As I say, it is hard to dispute that – on effort alone – China is already winning. However, Kai-Fu Lee is writing a book about AI and yet he doesn’t appear to have considered how a more automated world will mean that human effort is not only less necessary, but actually will not be able to keep up. What use is it to have a nation of hard-working, ‘gladiatorial entrepreneurs’ if AI can out-code, out-innovate, and out-experiment them? Those countries that can automate the entrepreneurial process from inception of an idea, to trialling a multitude of different products/services in parallel, and rapidly refining and re-deploying new variants on a steadily improving trajectory, will be those that will win. We don’t have such technology at the moment, and deep learning alone won’t cut it, and so we will be reliant on the discovery of new AI capabilities which we will require elite expertise to develop. Those same two competencies that Lee claims are now less important!

(Microsoft’s ‘low code and no code’ power platform is a good example of where this may be happening already.)

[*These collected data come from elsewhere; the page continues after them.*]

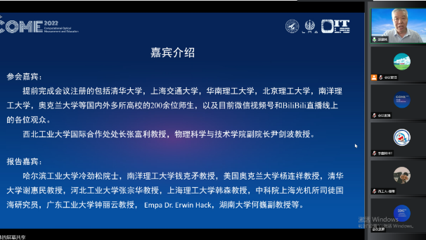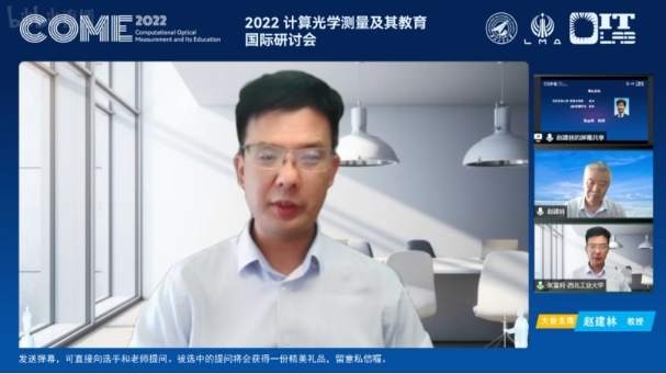 国际合作处处长张富利教授致欢迎辞,随后钱克矛教授介绍了COME的发展历程与举办地西安的文化背景。简短热烈的开幕式之后,大会报告正式开始。在本届会议中,哈尔滨工业大学冷劲松院士、奥克兰大学杨连祥教授、湖南大学何巍副教授、河北工业大学张宗华教授、上海理工大学韩森教授、中国科学院上海光学精密机械研究所司徒国海研究员、广东工业大学钟丽云教授、瑞士联邦材料科学与技术实验室Dr. Erwin Hack等8位国内外专家分别围绕计算光学测量做了报告。8篇大会报告异常精彩,反映出目前国际上计算光学测量学术与工程领域最前沿的学术和技术发展动态。本次COME由微信视频号和哔哩哔哩同步在线直播,会议期间两个平台线上累计观看3400余人次,同时最高在线800余人次。
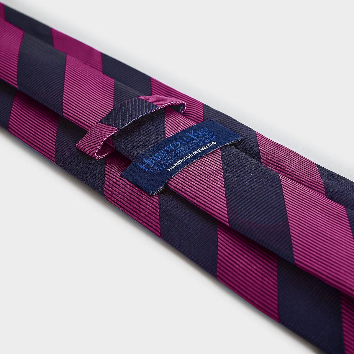 Elevate your style with our Fuchsia & Navy Block Stripe Silk Tie. Handcrafted in England using traditional techniques, this luxurious tie features a vibrant block stripe design. Made with 100% woven silk, it is self tipped for a classic touch. Stand out from the crowd with this timeless and elegant accessory.
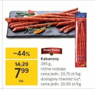 Cena produktu r贸偶ni si臋 w zale偶no艣ci od wybranego sklepu. Produkt Kabanosy pikantne Polskie w臋dliny mo偶esz kupi膰 w promocji ju偶 od 4,89 z艂. Najta艅sza oferta, jak膮 mamy w naszej bazie jest z sieci Carrefour. Kabanosy pikantne Polskie w臋dliny kosztuje aktualnie 4,89 z艂. Zobacz ofert臋
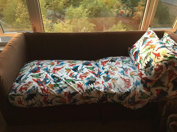 4. Nghe tin tôi sắp về nhà chơi, mẹ đã ra siêu thị mua một bộ ga gối mới. Đây là thành quả. Nó rất đẹp nhưng hình như mẹ quên mất là tôi đã 34 tuổi rồi.
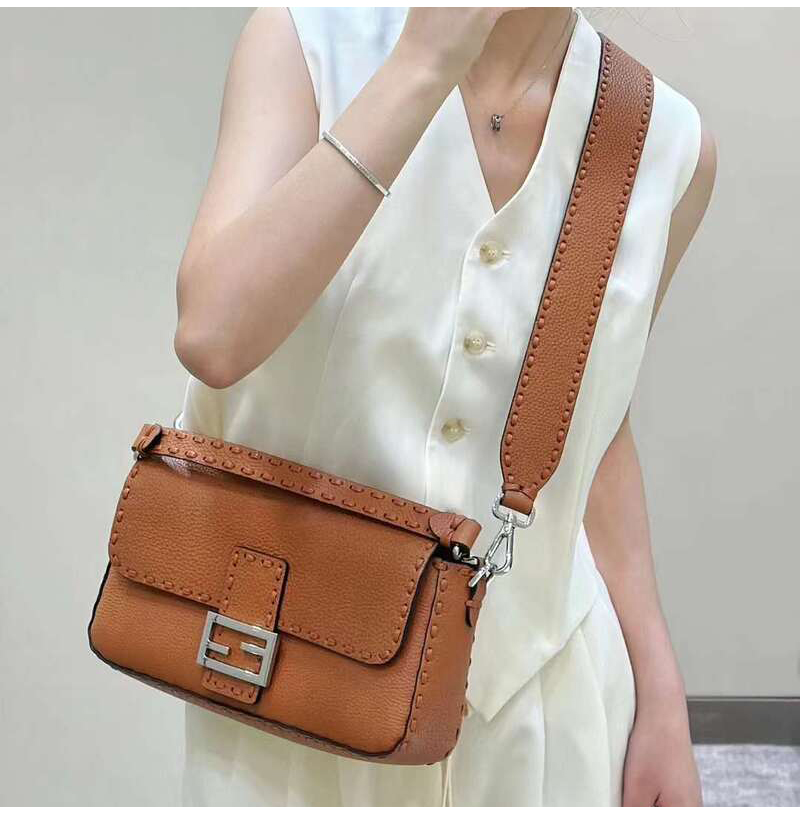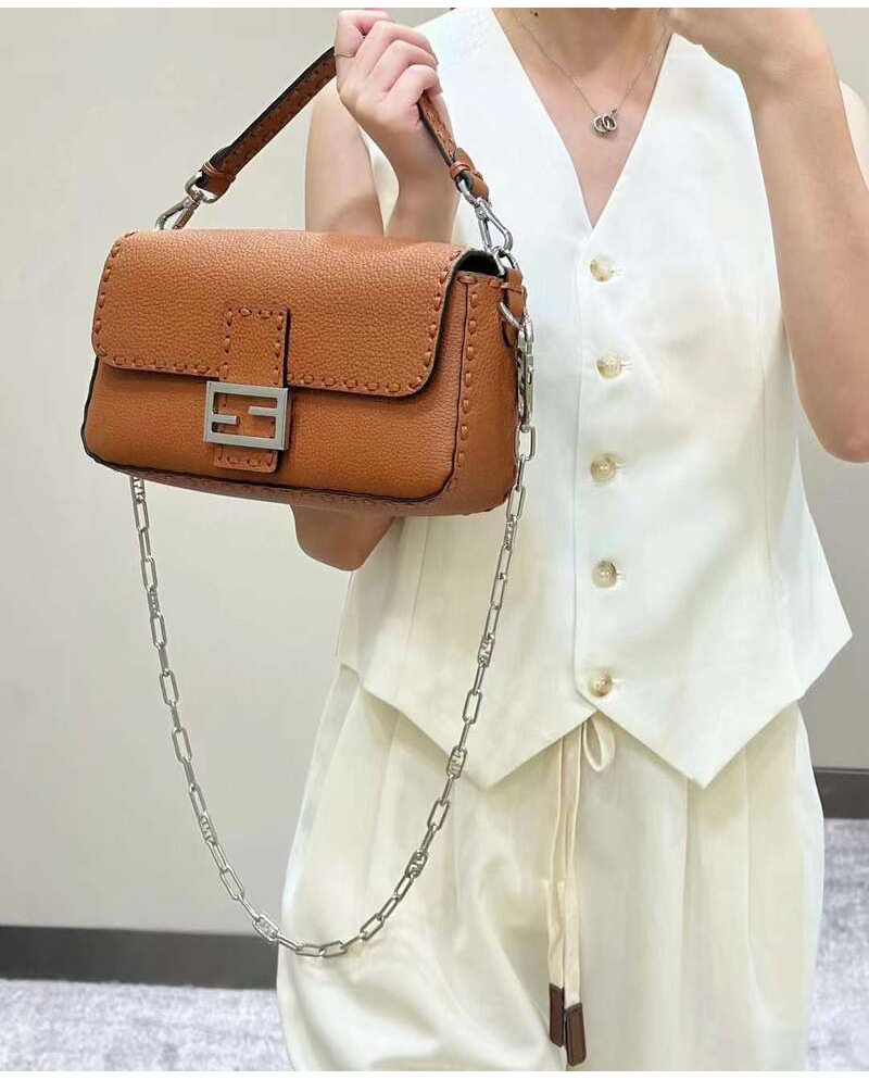[스페셜오더]FENDI-FENDI-8BR600 펜디 브라운 오버사이즈 탑스티치 셀러리아 미디엄 바게트 백 27CM

I’ve not yet finished Lee’s book and its certainly thought provoking. We are just at the beginning of an AI revolution that has been ignited by deep learning. But our future AI capabilities are likely to take us well beyond a reliance on a technique that was first developed in the 1980’s. Don’t get me wrong this is an important book and I’ve encouraged my mentees, colleagues and clients to read it.

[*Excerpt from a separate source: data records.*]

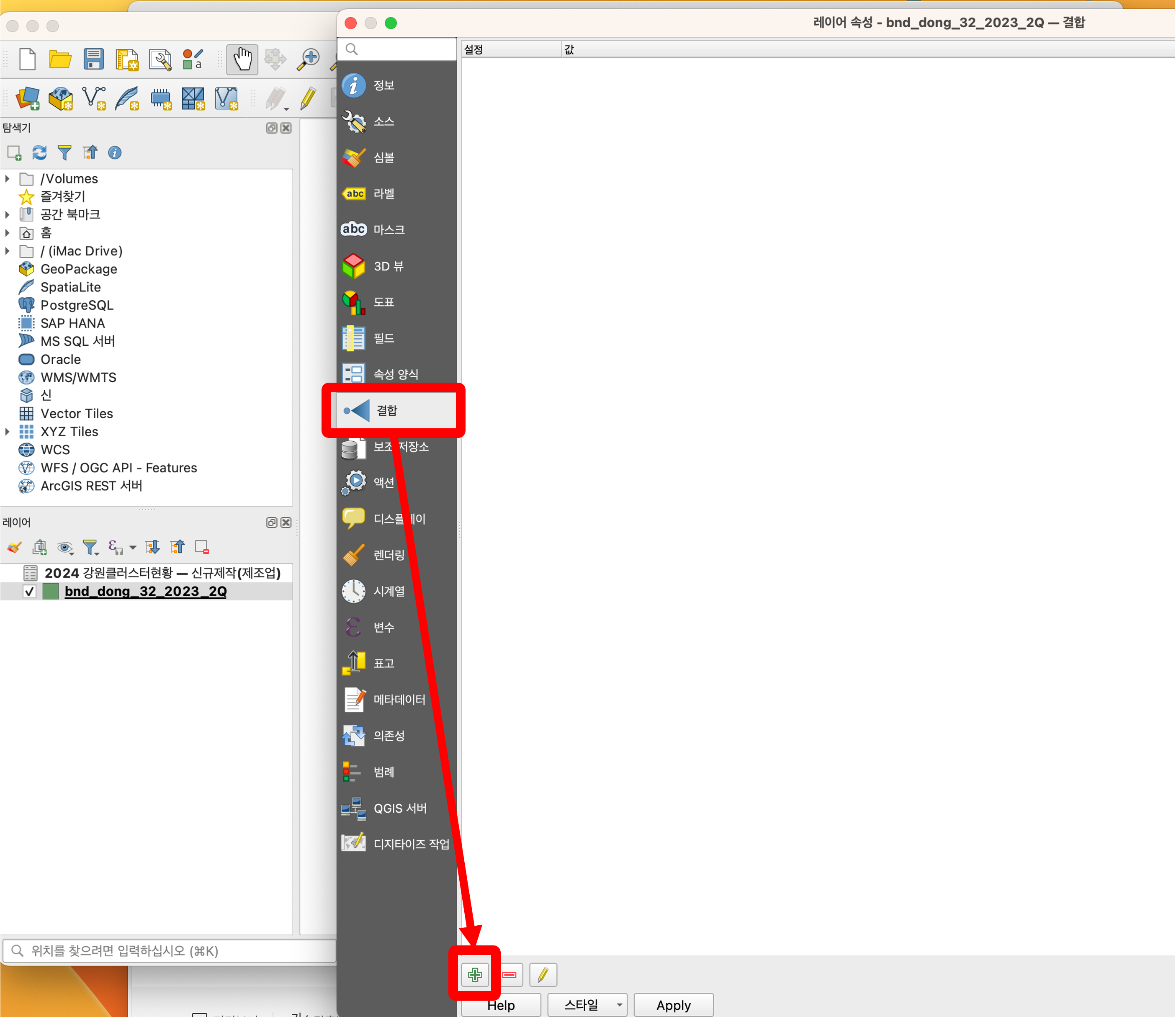 메뉴 중에 결합이 있습니다. 결합을 클릭하고 밑에 더하기 표시를 클릭합니다.
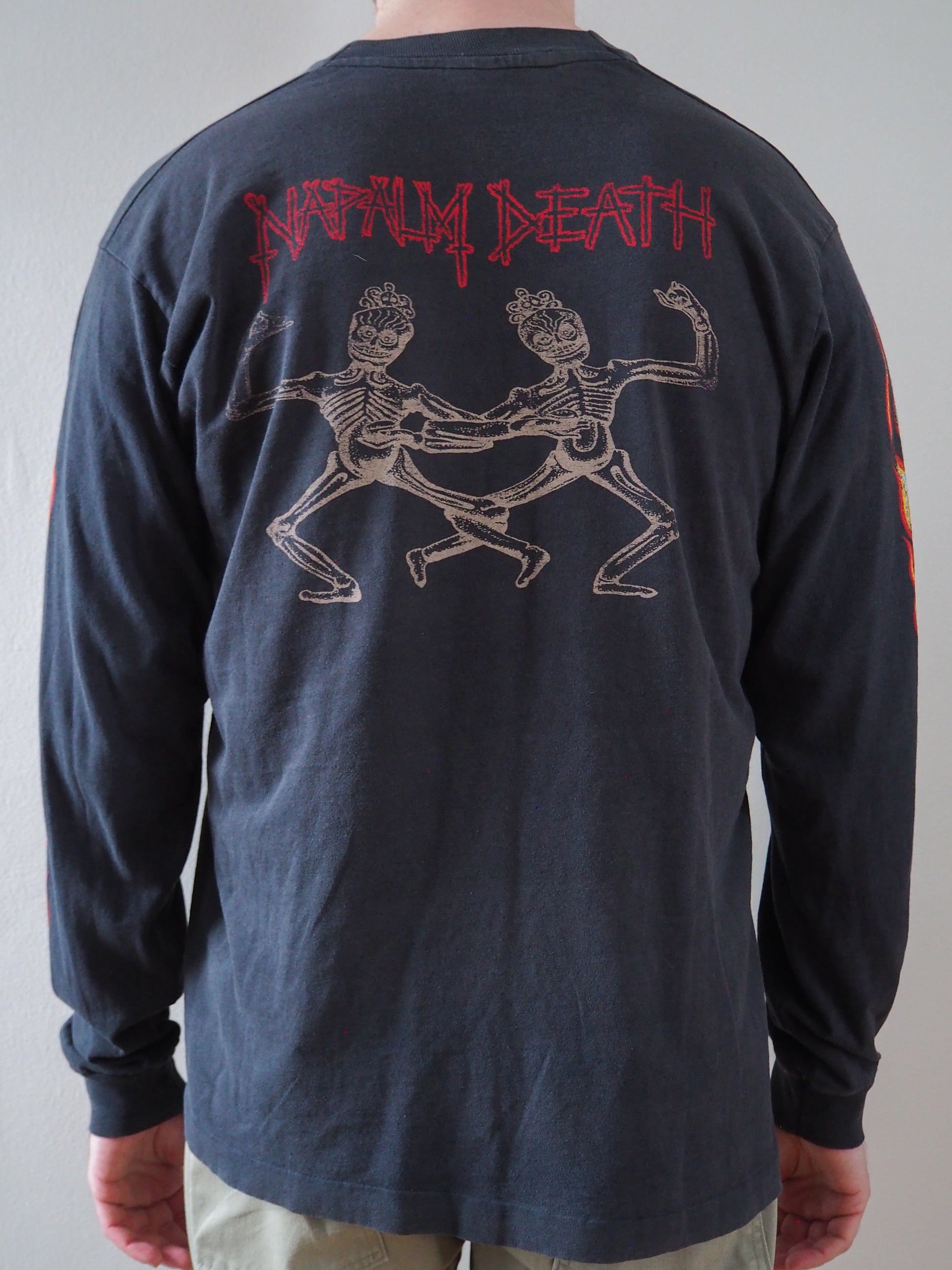 Printed on a Screen Stars best Tagged XL. Great fade with some cracking on the graphic. single stitched bottom with some pinholes throughout.
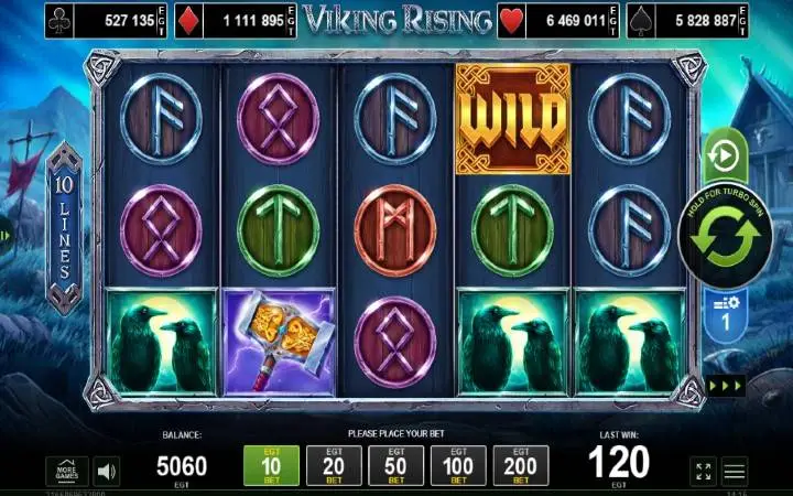 Viking Rising je video slot koji ima pet kolona smještenih u tri reda i ima 10 fiksnih isplatnih linija. Da biste ostvarili bilo kakav dobitak potrebno je spojiti minimum tri ili više podudarajućih simbola na isplatnoj liniji.
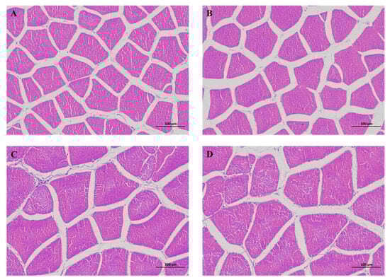 Muscles of aquatic animals serve as the primary protein source in aquaculture. Muscle quality determines the success of aquatic products to some extent. The muscle quality of aquatic animals is influenced by various factors, including the growth stage [], feed composition [], culture pattern [], and aquaculture environmental factors []. Biochemical processes during muscle-to-meat conversion significantly affect the quality of fresh muscle. These modifications affect various distinct characteristics of muscle, including appearance, nutritional composition, and texture. Therefore, modifying the muscle fiber characteristics of living animals may be a viable approach for regulating fresh muscle quality []. Recent studies have demonstrated that substitution of dietary protein sources can affect the muscle quality of various aquatic species, such as mirror carp (Cyprinus carpio) [], tilapia (Oreochromis niloticus) [], and largemouth bass (Micropterus salmoides) []. In addition, animal protein sources, particularly poultry by-products, can improve the muscle quality of aquatic animals, including protein and fatty acid content and chewability [,]. In the context of fishmeal replacement, there is still a lack of understanding of the influence of various new protein sources on the muscle quality of aquatic products. Currently, research on the effects of EHPB as a feed protein source on the muscle quality of aquatic animals is limited. Moreover, the effect of EHPB on the muscle quality of largemouth bass remains unclear. Therefore, there is a pressing need to investigate the effect of EHPB as a potential replacement for fishmeal in largemouth bass.

And, on a final note, I’ve just started to read Ian Hogarth’s excellent blog post on ‘AI Nationalism’ which dovetails quite nicely with Kai-Fu Lee’s thinking. I’ll have more to say on that too.

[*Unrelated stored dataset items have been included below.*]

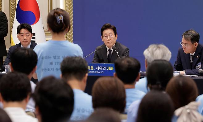 | 李 “정부 책임 다하지 못했다” 참사 사죄 이재명 대통령이 16일 오후 서울 종로구 청와대 영빈관에서 열린 ‘기억과 위로, 치유의 대화’에서 사회적 참사 유가족들의 이야기를 듣고 있다. 이 대통령은 “국정의 최고 책임자로서 국민의 생명과 안전을 지켜야 될 정부의 책임을 다하지 못했던 점과 그로 인해 많은 사람들이 유명을 달리한 점에 대해 공식적으로 정부를 대표해 사죄의 말씀을 드린다”고 말했다. 이 자리에는 세월호·이태원·제주항공 여객기·오송 지하차도 참사 유가족 등 200여명이 참석했다. 뉴시스 |
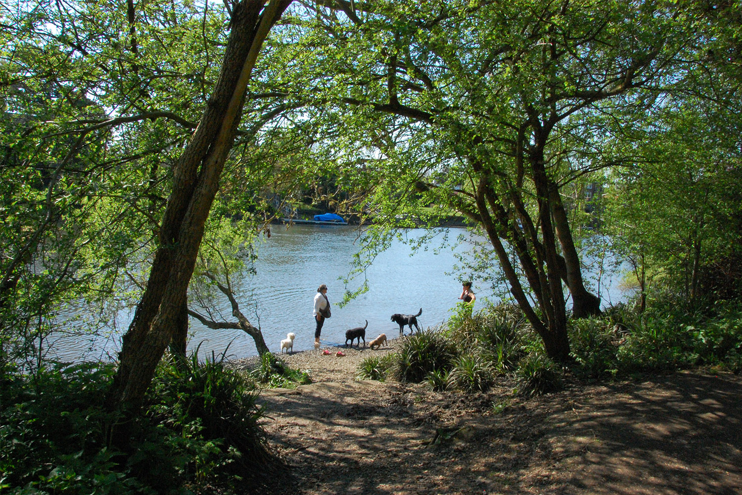 Riverbank, Ham: A conversation on the Thames foreshore in Ham. Compared to other parts of the Thames, the river is quieter and more accessible in west London.
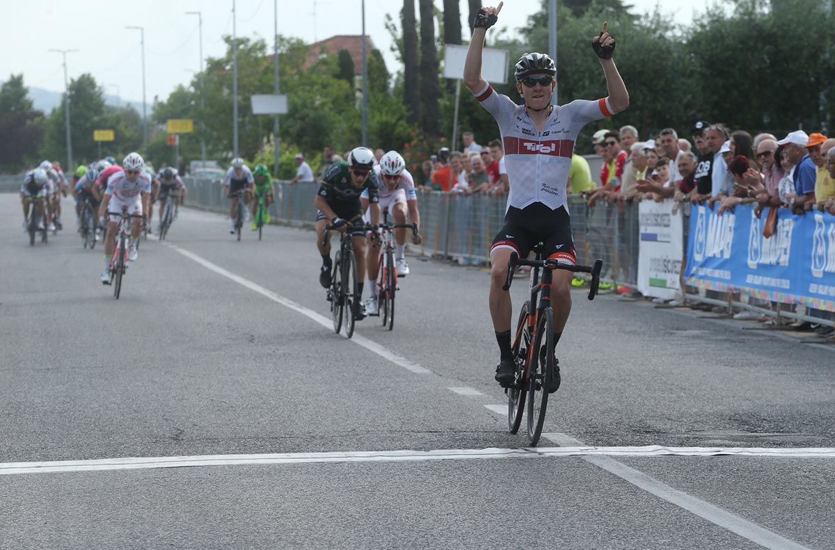A 10 k dalla fine i russi si mettono a dettare il ritmo della gara che vede ancora tutti i 40 atleti in lizza per il titolo. Sarà Filippo Zana, classe 1999, che proverà l’allungo sulla salita a 9 chilometri dalla fine. Alla sua ruota si mette il colombiano Rubio (Aran Cucine). Mente al traguardo cominciano ad assieparsi gli spettatori in attesa di applaudire il vincitore, i due al comando mettono circa 40 metri tra loro e le ruote degli inseguitori. Il gruppo non demorde e il loro vantaggio rimarrà tra i 12 e 6 secondi. Al GPM saranno il Zana, Zimmermann e Pugi a transitare per primi, il gruppo sempre a vista alle loro spalle. A 5 chilometri dal traguardo Rastelli si riporta sui fuggitivi, per un finale al cardiopalma. Ai 2 chilometri dal traguardo si trovano tutti in 15” con il gruppo in progressione. All’imboccatura del rettilineo appaiono tutti compatti e sarà Georg Zimmermann – Tirol KTM Cycling Team, a lanciare lo sprint ai 300 metri, lasciandosi alle spalle Luca Rastelli – Delio Gallina – bronzo Filippo Zana – Sangemini Trevigiani MGkVis.

In an AI world winning in business and politics will go to those that have a ‘cognitive advantage’

When I was at the Complex Systems Conference in Singapore in September 2019, I found myself musing on the question: in a world where we have all maxed out our use of AI, how will that change the way that a business outcompetes their rivals? In a world where automated decision-making will take over more and more of the running of businesses and entire countries how do you compete to win? The conclusion I came to was that it was about out-thinking and out-manouevring your rivals and adversaries to the extent that you shape the environment in which you are competing in a way that your adversaries (humans and AI) can no longer accurately comprehend it and, thus, would begin to make increasingly bad decisions.

Now, this has happened throughout history and to quote Sun Tzu “… the whole secret lies in confusing the enemy, so that he cannot fathom our real intent”. However, the key difference this time is that AI will have a significant role in shaping that competed environment at a speed and a propensity for handling big data that humans are simply left behind. We may enter a cognitive war of AI versus AI.

I am hypothesising that AI will come to dominate global action that shapes our offline and online worlds. So, if you want to compete you will need to shape the digital environment that AI is attempting to predict, understand and act in. In other words, the competitive moves we make in the future will (a) be done automatically by AI on our behalf, and (b) therefore we will need to consider how AI will perceive our actions (recognising that, for the moment at least, most AI is dependent on big data). If the long-established practice of marketing to convince people to buy your product is extended to marketing to artificial intellects too, to persuade an AI to behave in a way that you want it to, then you start to get the point.

I call this having a cognitive advantage which I define as:

the demonstrable superiority gained through comprehending and acting to shape a competitive environment at a pace and with an ingenuity that an adversary’s ability to comprehend and act is compromised

I wrote a paper about this last year:

I will also be giving a talk on Cognitive Advantage at this year’s Future of Information & Communication conference in Vancouver (FICC 2021). A version of the conference paper will also be published in Springer’s ‘Advances in Intelligent Systems’.